To control what the files are collated as, the new_stem argument can be passed to the copy() method.

>>> new_niftix = niftix.copy(
...    dest_dir="/path/to/destination", new_stem="t1-weighted"
... )
>>> new_niftix.fspaths
{"/path/to/destination/t1-weighted.nii", "/path/to/destination/t1-weighted.json"}
>>> new_analyze = analyze_file.copy(dest_dir="/path/to/destination")
>>> new_analyze.fspaths
{"/path/to/destination/t1w.hdr", "/path/to/destination/t1w.img"}

If the files just need to be in the same directory, but not necessarily adjacent, the collation argument can be set to FileSet.Collation.siblings

>>> new_niftix = niftix.copy(dest_dir="/path/to/destination", collation="siblings")
>>> new_niftix.fspaths
{"/path/to/destination/t1w.nii", "/path/to/destination/t1-weighted.json"}

The collation setting will also be used to decide whether files need to be copied or linked to a new location. For example, if the files are already adjacent, then they can be simply left where they are by setting the mode to FileSet.CopyMode.any flag, which encompasses the FileSet.CopyMode.leave mode.
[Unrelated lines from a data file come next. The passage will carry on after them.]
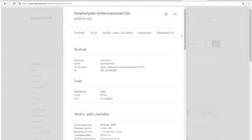 Technik Nützliche Infos zum Hosting-Anbieter, Hostingstandort, IP-Provider und die aktuelle IP des Servers. Zudem werden DNS- und Mailserver und das Land der Datenhaltung angegeben. Diese Angaben können von enormen Nutzen sein, wenn man nicht mehr richtig weiss, bei welchem Hostinganbieter man eine Website aufgesetzt hat oder wenn man auf der Suche nach den Verantwortlichen einer Website ist.Trust Eine experimentelle Relevanzberechnung, eine Trust-Einschätzung zur Domain und Angaben zur Verfügbarkeit von SSL-Zertifikaten. Diese Infos dienen zur schnellen und einfachen Risikoeinschätzung einer Domain.Archiv- und Live-Infos Sofern Daten gefunden wurden, wird angezeigt, wann eine Website zum ersten Mal im Netz gesehen wurde. Von wann stammt der älteste Cache einer Website, der neueste Cache, Live-Link raus zur Website, ein Link zum anonymen Besuch einer Website, der Traffic-Rank einer Domain und wenn verfügbar, historische Screenshots der Website aus dem Archiv. Bestehen noch keine Screenshots, können in der Regel auch Screenshots via screenshots.ch zur Aufnahme ins Archiv angefordert werden. Spannendes Feature: Wenn eine Domain frei ist, zeigt der Hitanalyzer trotzdem historische Infos an, falls die Domain früher schon einmal registriert und live war. Dies kann einem unter Umständen davor bewahren eine Domain zu registrieren die vorbelastet ist oder im Gegenteil, motivieren eine Domain zu registrieren, welche vorteilhafterweise schon Backlinks besitzt.Nutzerinfos Bei gewissen Domains existieren weitere Daten aus Firmenverzeichnissen.Hitanalyzer-Informationen für admin.ch: Hervorragende Werte bei Relevanz und Trust. Wen wunderts... /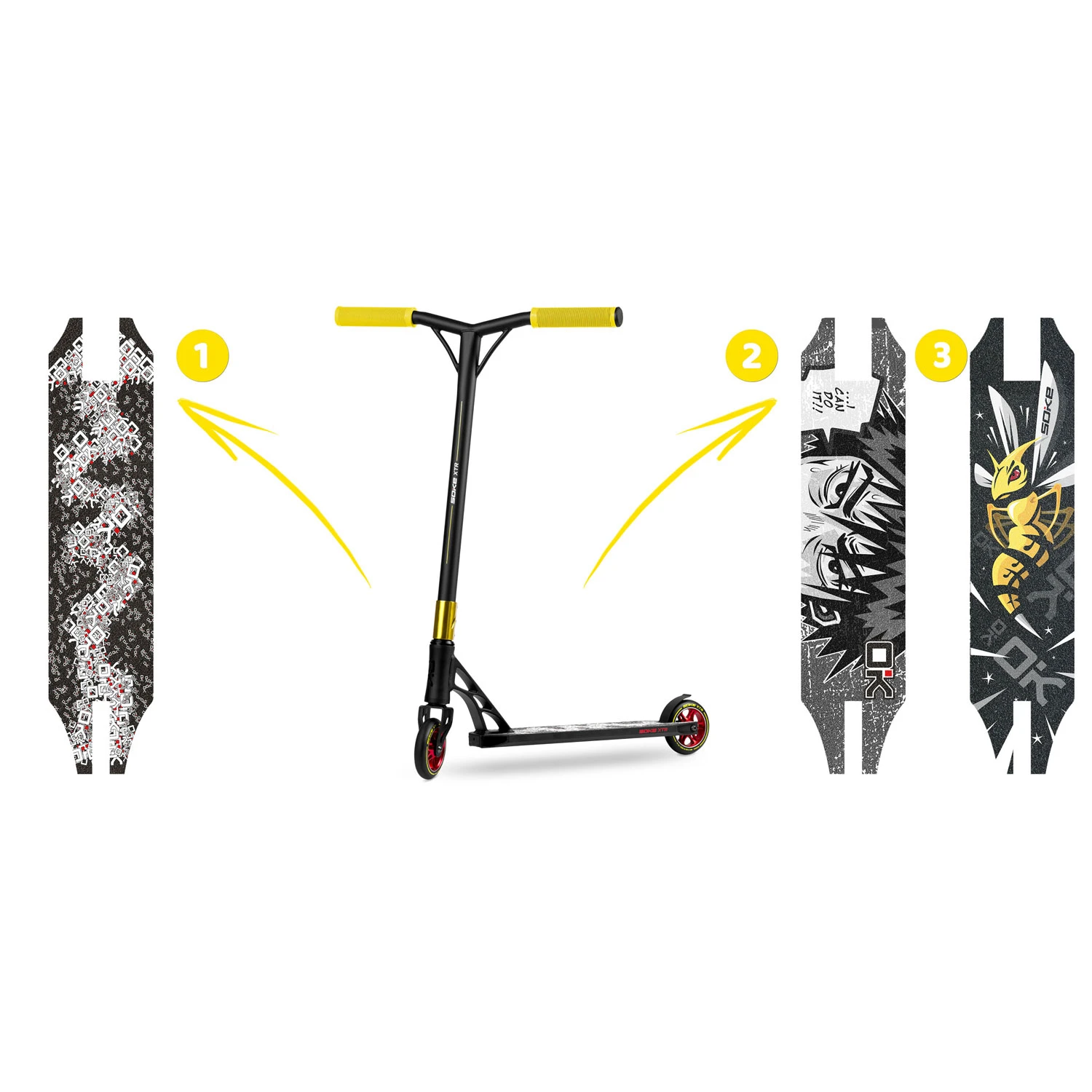 - Самокат поставляється з попередньо встановленою однією з представлених наклейок (вибирається випадково, вибір неможливий).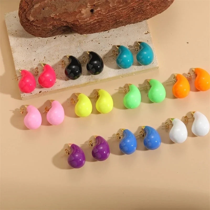1 Pair Minimalist Water Droplets Epoxy Plating Brass 14k Gold Plated Ear Studs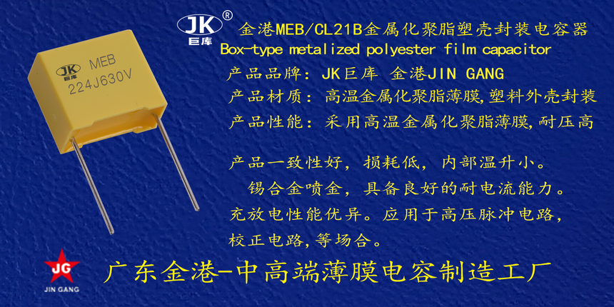 産品品牌(pai) :JK巨庫金港JINGANG 産品(pǐn)材質: 高溫金屬(shǔ)化聚脂薄膜,塑(su)料外殼封裝 産(chǎn)品性能: 采用高(gao)溫金屬化聚脂(zhi)薄膜,耐壓高
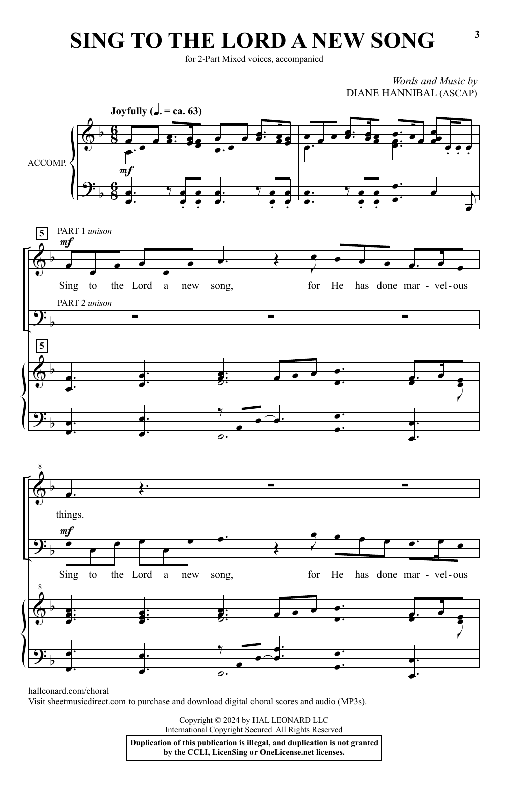 Download or print Diane Hannibal Sing To The Lord A New Song sheet music, chords and digital score arranged for 2-Part Choir. This Sacred score includes 8 page(s).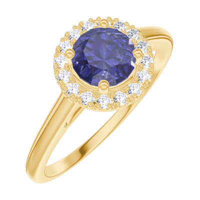 « L'ATELIER » Nº170577Ring Gelbgold 750/-(18Kt) - Blauer Saphir rund 0.5 Karat - Halo Diamant 4.7 (18)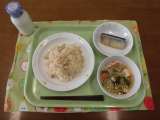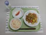 今日の献立)ツナライス・牛乳・野菜と肉のインド煮・果物(りんご) 「野菜と肉の...

>>> new_niftix = niftix.copy(
...    dest_dir="/path/to/destination",
...    collation=FileSet.Collation.adjacent,
...    mode=FileSet.CopyMode.any
... )

The behaviour of this call is a little complex and will be determined by the file paths in the niftix FileSet and the location of the source and destination directories. For example, if the file paths are already adjacent in the source directory they will be left where they are. However, if the files are not adjacent, they will be symlinked to the destination directory, unless the mount/drive that directory is on doesn't support symlinks, in which case they will be hardlinked, unless the destination directory is on a different physical drive, in which case the copy method will fallback to a full copy.

Moving

The FileSet.move() method can be used to move files to a new location. It has same signature as FileSet.move() with the exception of the mode and supported_modes arguments, which are not relevant for moving files.

>>> new_analyze = analyze_file.move(
...    dest_dir="/path/to/destination", new_stem="t1-weighted"
...)
>>> new_analyze.fspaths
{"/path/to/destination/t1-weighted.hdr", "/path/to/destination/t1-weighted.img"}

Hashing

When working with files, particularly in workflows, it is often useful to be able to hash the contents of the files in the set to check for changes or successful transfers.

There are two methods for doing this conveniently in FileFormats:

  1. The FileSet.hash() method will hash the contents of all files in the set and return a hash value.

  2. The FileSet.hash_files() method will hash the contents of all files in the set and return a dictionary of hashes keyed by the file path.